Database Administration
postgresql database-design performance datatypes array
Updated Fri, 20 May 2022 18:39:42 GMT

Does it make sense to store a couple of Boolean values as array?


I have a table with five Boolean columns. In 90% plus of the rows, all the columns are null. (False is equivalent to null for me.)

Instead of having Boolean columns, I could have a single array column which contains an array of an enumerated custom datatype, and thereby store only the columns which are non-null.

I feel weird using arrays, but my coworker has pointed out to me that there isn't really a strong reason against using them, and we might actually see savings from using them since we aren't storing a bunch of empty columns.

Are there any downsides to using an array? Specifically: would they take up more space, take up more time to query, or prevent Postgres features (e.g. gin indexes) from being used?




Solution

TL;DR: Do not use an array. Use individual boolean columns.

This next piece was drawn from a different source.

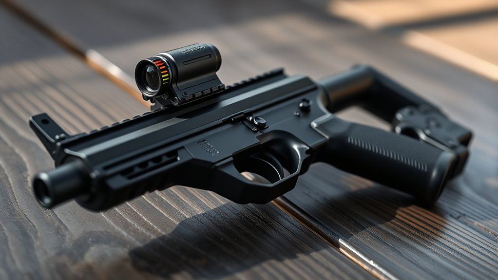 While selecting an AR pistol optic, you’ll want to carefully consider its size and weight since these factors directly influence your firearm’s handling and balance. Lighter pistols benefit from smaller, compact optics that prevent adding excessive weight, which can affect how quickly and smoothly you handle your firearm. Matching the optic’s size to your pistol’s slide or rail ensures a proper fit without any overhang.

Your coworker may not be aware of actual storage requirements. Null storage is very cheap and efficient in Postgres. See:

A couple of boolean columns are also very cheap and efficient - nullable or not. Actually, just 5 boolean columns hardly matter for the row size at all - even if defined NOT NULL. 1 byte each, 5 bytes and no alignment restrictions. Hardly relevant. There are typically much more substantial things you can do to your row. (You should have provided your actual table definition.)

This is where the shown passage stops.